Task description: Restate, word for word and with no pictures, the stretch of lines in the data below that begins at the line with "用戶使用此虛擬輔助功能可快速" and ends at the line with "This is my foundational", inclusive.

Data in this exercise:
=====
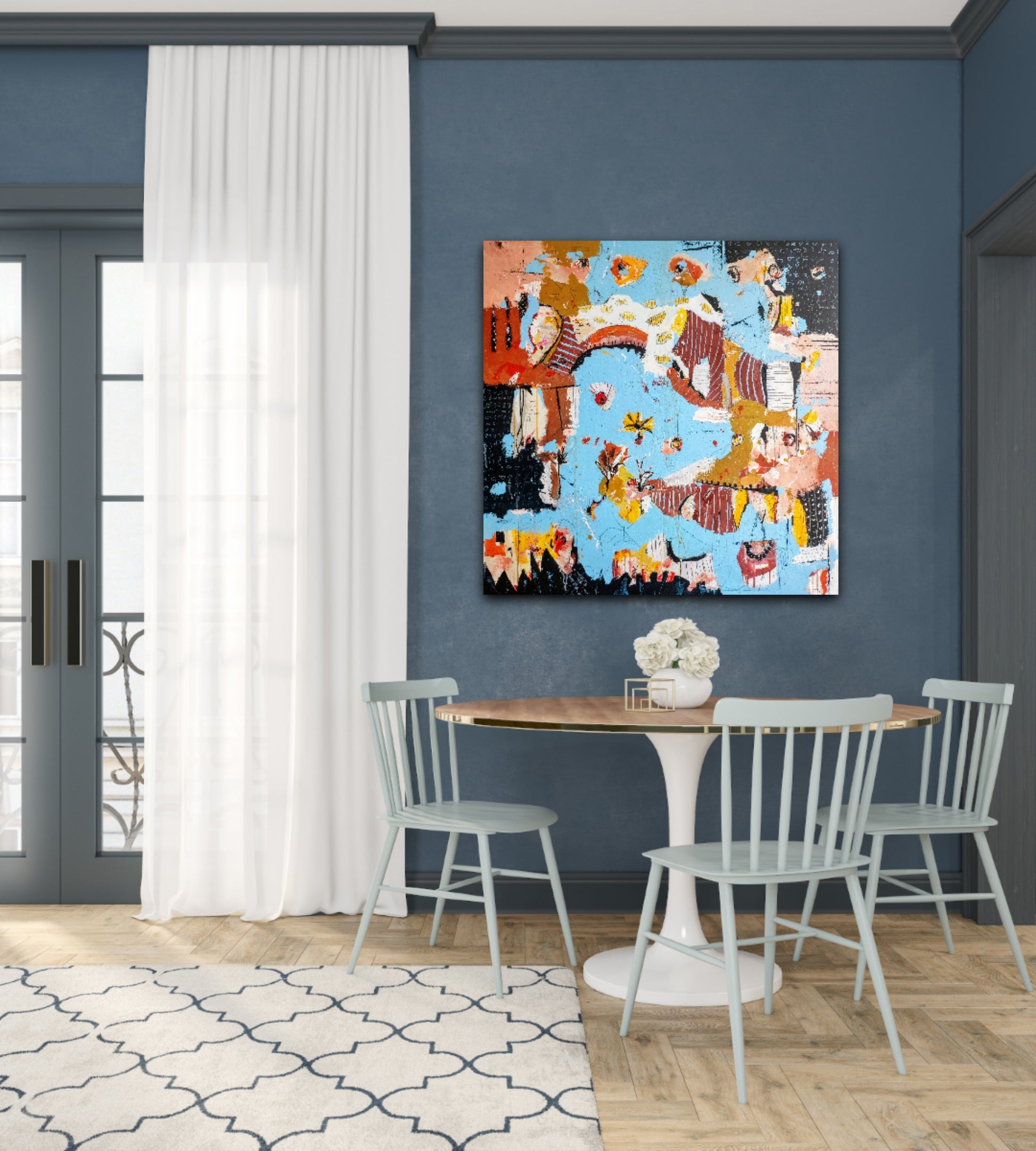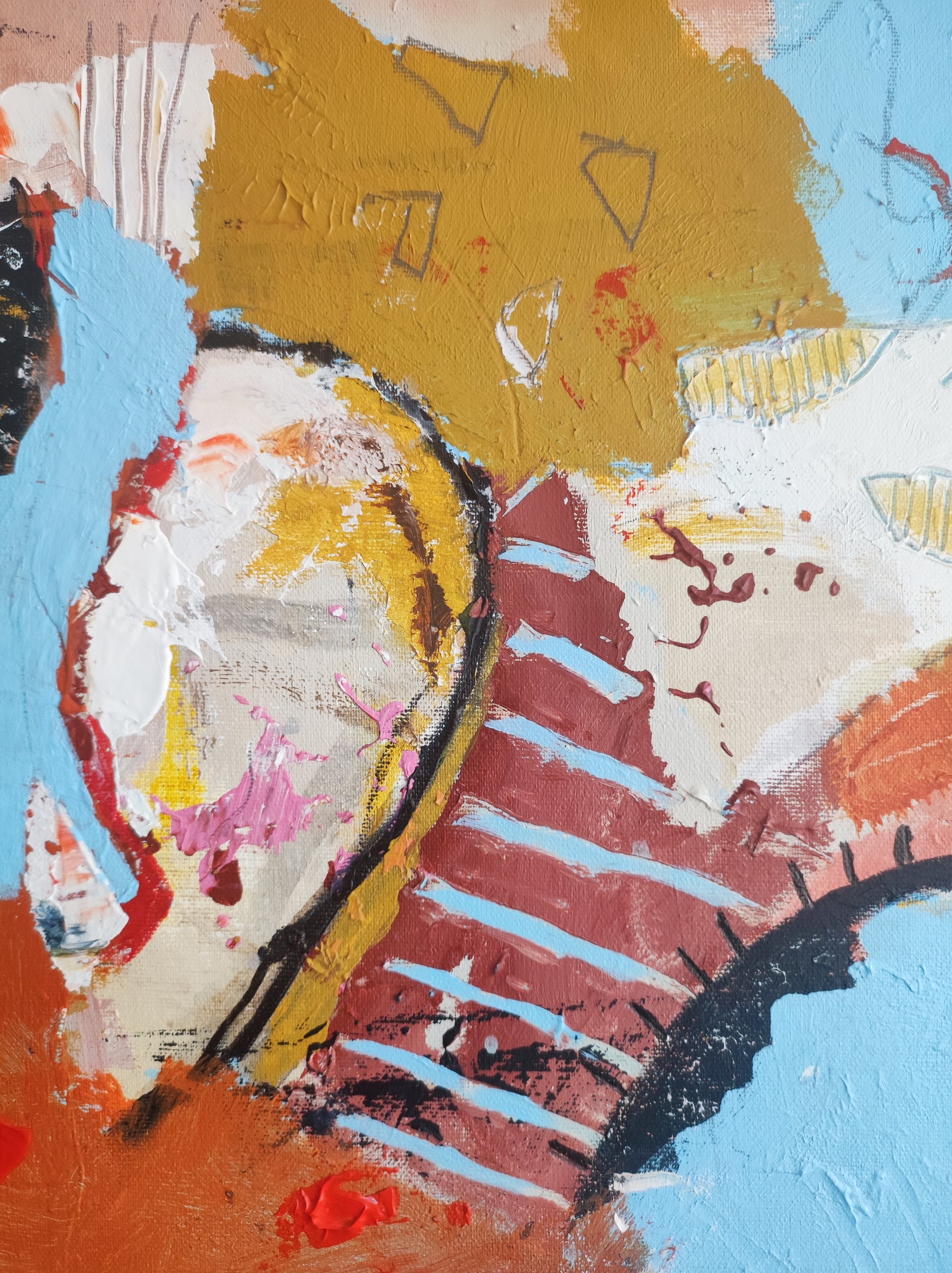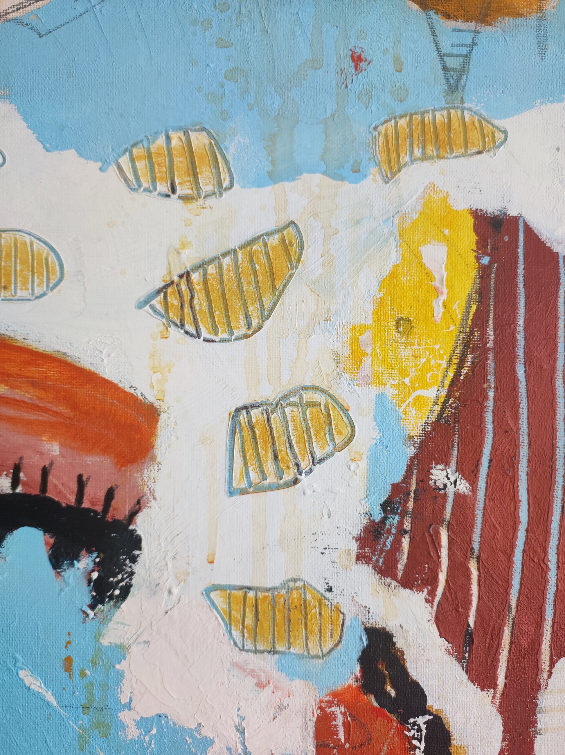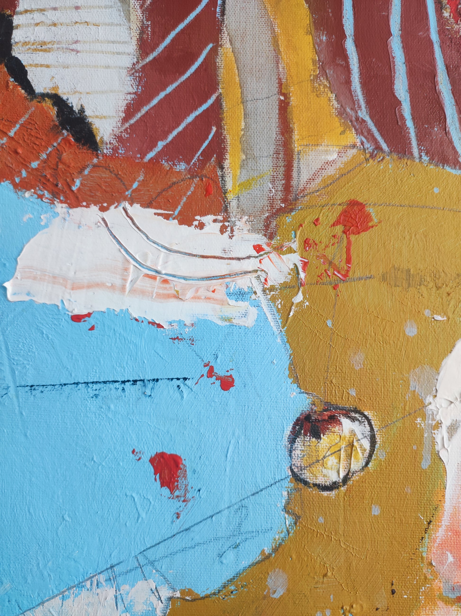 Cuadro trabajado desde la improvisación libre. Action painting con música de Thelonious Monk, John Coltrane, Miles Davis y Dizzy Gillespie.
=====
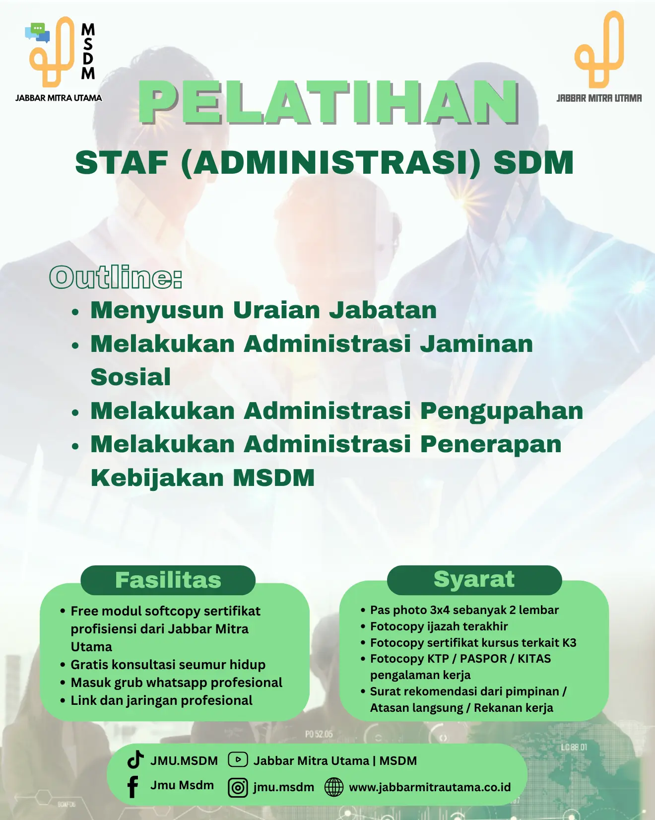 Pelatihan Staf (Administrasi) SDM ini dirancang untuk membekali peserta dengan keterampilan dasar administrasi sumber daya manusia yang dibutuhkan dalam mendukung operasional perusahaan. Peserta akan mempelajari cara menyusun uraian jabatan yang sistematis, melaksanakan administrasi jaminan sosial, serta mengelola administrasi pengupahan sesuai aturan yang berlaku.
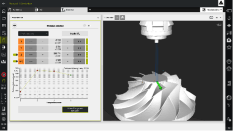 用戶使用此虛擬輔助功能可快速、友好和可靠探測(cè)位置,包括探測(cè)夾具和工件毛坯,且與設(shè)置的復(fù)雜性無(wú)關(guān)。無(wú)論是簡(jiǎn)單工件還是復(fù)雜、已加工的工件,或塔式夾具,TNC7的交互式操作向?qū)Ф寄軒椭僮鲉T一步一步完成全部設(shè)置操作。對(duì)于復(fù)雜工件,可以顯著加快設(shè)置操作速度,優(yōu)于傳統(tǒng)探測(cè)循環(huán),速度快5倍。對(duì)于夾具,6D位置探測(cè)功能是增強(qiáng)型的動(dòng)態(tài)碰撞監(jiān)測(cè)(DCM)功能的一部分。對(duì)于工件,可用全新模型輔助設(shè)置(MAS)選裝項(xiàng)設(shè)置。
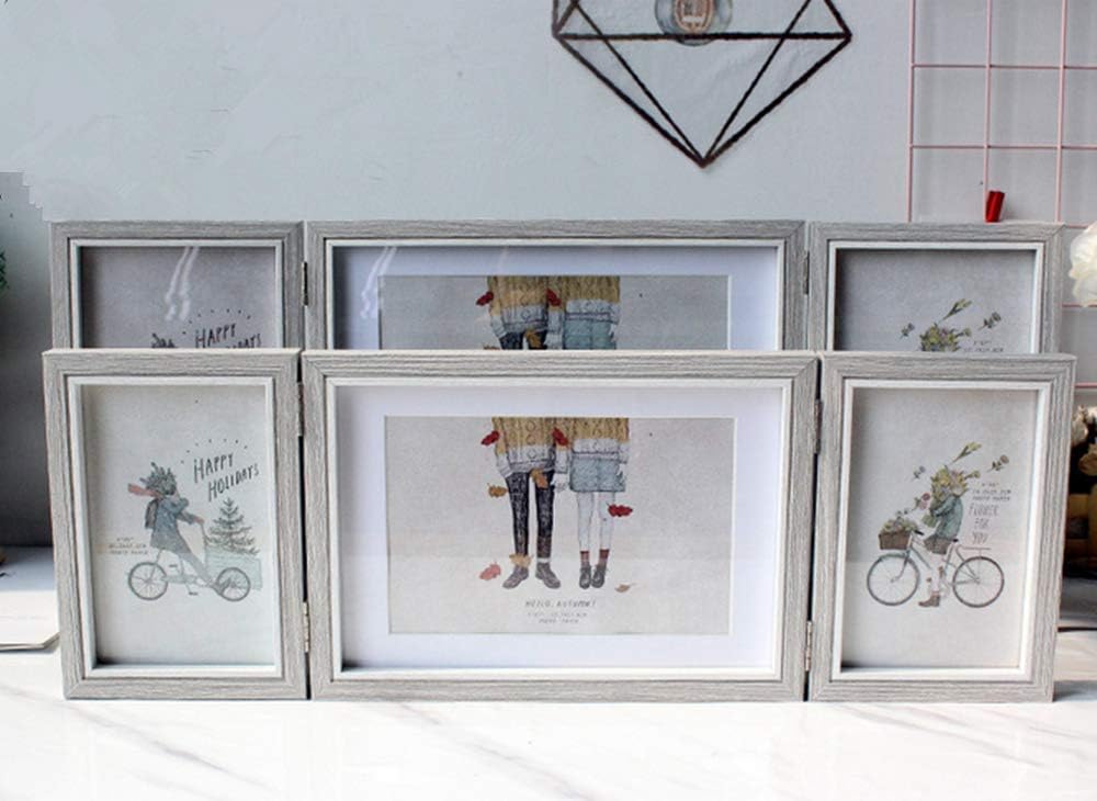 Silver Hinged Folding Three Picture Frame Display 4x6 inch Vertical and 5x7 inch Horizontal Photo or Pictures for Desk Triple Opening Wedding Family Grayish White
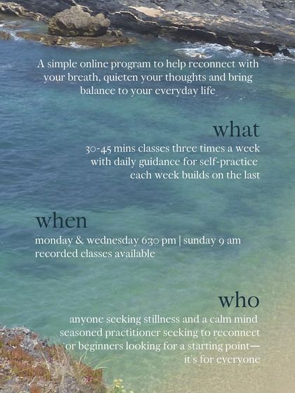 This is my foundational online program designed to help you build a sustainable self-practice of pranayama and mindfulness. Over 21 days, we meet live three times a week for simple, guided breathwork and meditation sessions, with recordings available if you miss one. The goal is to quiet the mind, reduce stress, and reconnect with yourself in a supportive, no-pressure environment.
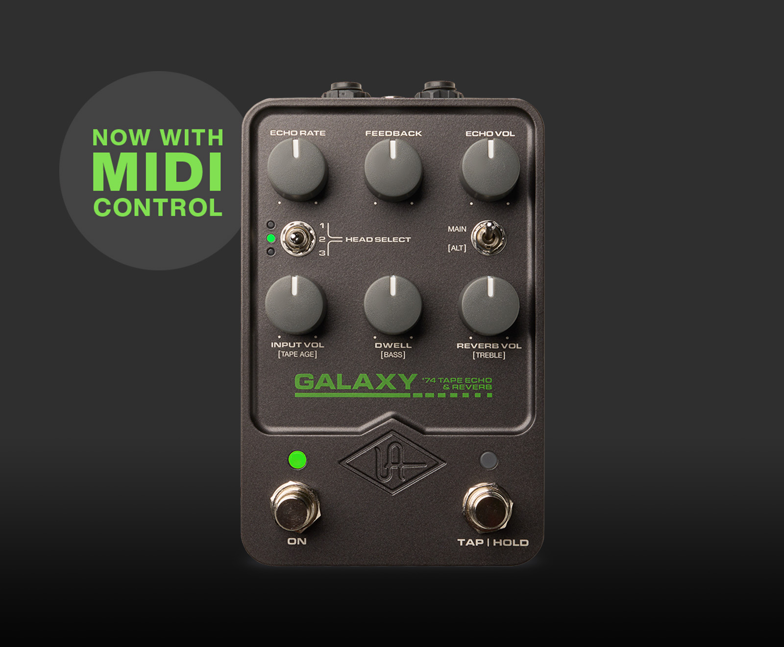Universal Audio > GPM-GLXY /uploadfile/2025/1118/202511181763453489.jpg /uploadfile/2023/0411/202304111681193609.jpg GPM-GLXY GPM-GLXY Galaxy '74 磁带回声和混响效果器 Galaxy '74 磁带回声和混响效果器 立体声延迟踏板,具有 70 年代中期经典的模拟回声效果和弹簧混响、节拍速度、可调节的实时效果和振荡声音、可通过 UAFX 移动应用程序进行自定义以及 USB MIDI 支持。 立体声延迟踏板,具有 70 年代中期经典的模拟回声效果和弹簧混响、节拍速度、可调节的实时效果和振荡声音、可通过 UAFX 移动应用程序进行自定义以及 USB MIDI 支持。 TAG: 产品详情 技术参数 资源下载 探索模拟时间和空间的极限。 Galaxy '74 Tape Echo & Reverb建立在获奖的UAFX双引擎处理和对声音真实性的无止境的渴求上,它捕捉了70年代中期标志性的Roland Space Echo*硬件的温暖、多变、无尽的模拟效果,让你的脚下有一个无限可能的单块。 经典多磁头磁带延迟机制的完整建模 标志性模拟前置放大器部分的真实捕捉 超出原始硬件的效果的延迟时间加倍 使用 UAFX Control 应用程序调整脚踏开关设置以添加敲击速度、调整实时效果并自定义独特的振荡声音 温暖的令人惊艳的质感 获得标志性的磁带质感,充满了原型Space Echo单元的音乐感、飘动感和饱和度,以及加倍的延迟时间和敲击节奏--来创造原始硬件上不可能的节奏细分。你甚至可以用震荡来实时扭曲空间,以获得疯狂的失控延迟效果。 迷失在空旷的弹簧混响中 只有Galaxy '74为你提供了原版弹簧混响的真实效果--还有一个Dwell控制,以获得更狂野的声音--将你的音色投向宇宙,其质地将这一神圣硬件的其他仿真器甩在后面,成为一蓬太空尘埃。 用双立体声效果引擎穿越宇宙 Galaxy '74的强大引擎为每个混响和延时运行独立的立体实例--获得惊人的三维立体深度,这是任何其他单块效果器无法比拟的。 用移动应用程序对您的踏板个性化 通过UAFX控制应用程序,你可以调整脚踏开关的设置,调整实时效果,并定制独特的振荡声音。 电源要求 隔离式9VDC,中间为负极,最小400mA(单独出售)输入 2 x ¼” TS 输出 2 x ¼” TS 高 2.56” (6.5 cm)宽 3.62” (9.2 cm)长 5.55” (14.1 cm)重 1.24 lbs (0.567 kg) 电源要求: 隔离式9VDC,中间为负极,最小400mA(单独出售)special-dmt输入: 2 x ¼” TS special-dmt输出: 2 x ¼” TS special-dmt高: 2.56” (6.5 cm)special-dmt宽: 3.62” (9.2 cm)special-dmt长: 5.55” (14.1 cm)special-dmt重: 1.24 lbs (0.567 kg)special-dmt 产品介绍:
=====
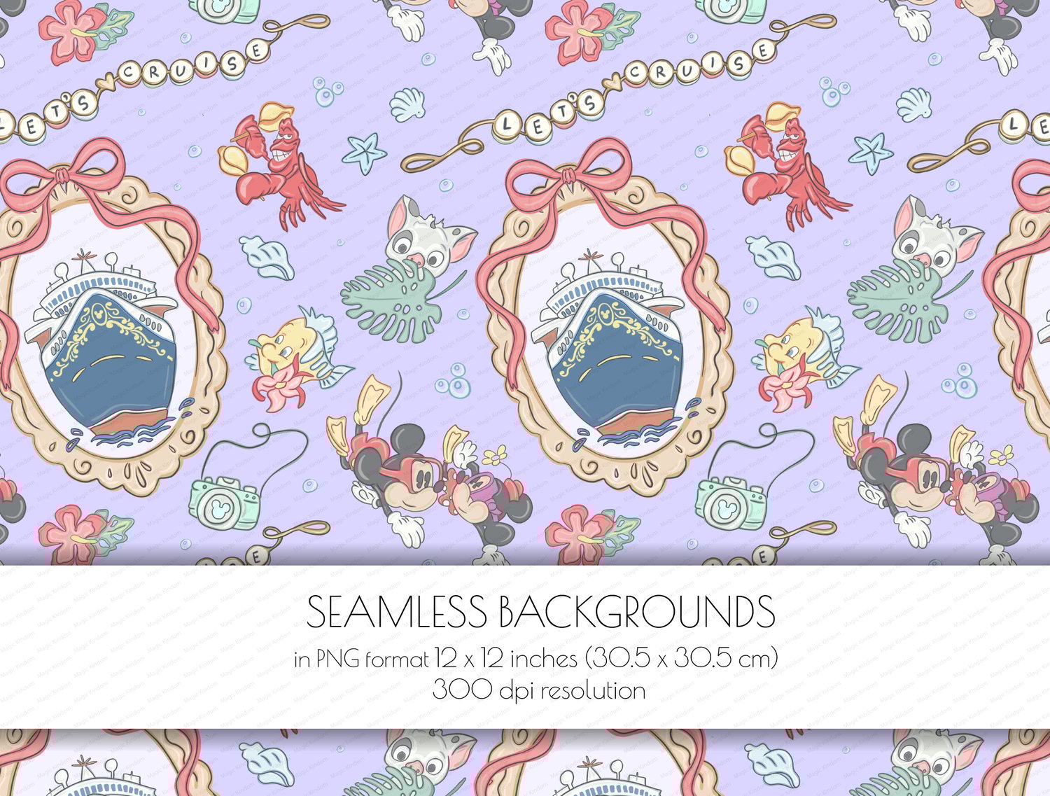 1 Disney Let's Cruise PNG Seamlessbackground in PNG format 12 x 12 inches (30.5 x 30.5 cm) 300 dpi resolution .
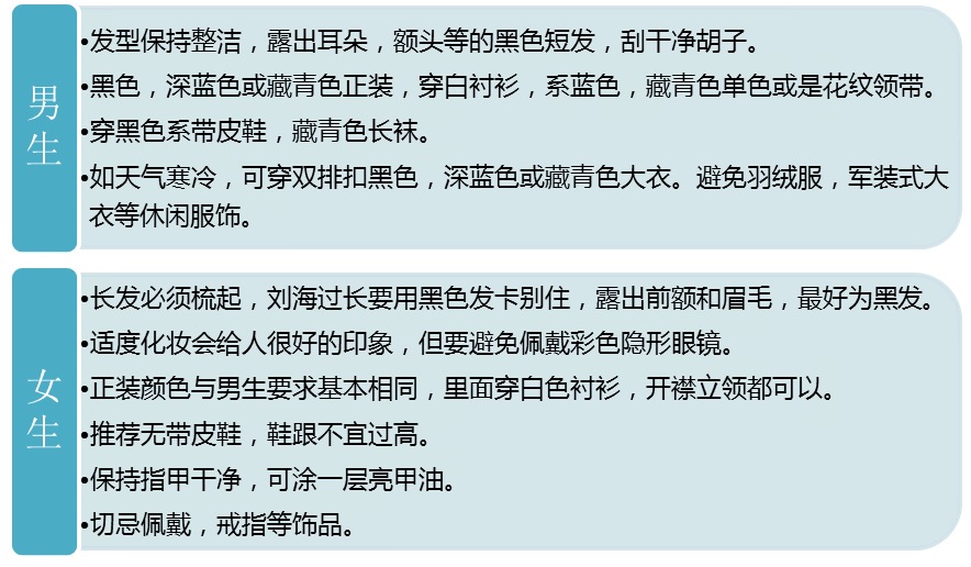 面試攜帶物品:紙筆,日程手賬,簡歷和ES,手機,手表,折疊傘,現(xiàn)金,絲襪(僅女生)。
=====
Result of this task:
 用戶使用此虛擬輔助功能可快速、友好和可靠探測(cè)位置,包括探測(cè)夾具和工件毛坯,且與設(shè)置的復(fù)雜性無(wú)關(guān)。無(wú)論是簡(jiǎn)單工件還是復(fù)雜、已加工的工件,或塔式夾具,TNC7的交互式操作向?qū)Ф寄軒椭僮鲉T一步一步完成全部設(shè)置操作。對(duì)于復(fù)雜工件,可以顯著加快設(shè)置操作速度,優(yōu)于傳統(tǒng)探測(cè)循環(huán),速度快5倍。對(duì)于夾具,6D位置探測(cè)功能是增強(qiáng)型的動(dòng)態(tài)碰撞監(jiān)測(cè)(DCM)功能的一部分。對(duì)于工件,可用全新模型輔助設(shè)置(MAS)選裝項(xiàng)設(shè)置。
 Silver Hinged Folding Three Picture Frame Display 4x6 inch Vertical and 5x7 inch Horizontal Photo or Pictures for Desk Triple Opening Wedding Family Grayish White
 This is my foundational online program designed to help you build a sustainable self-practice of pranayama and mindfulness. Over 21 days, we meet live three times a week for simple, guided breathwork and meditation sessions, with recordings available if you miss one. The goal is to quiet the mind, reduce stress, and reconnect with yourself in a supportive, no-pressure environment.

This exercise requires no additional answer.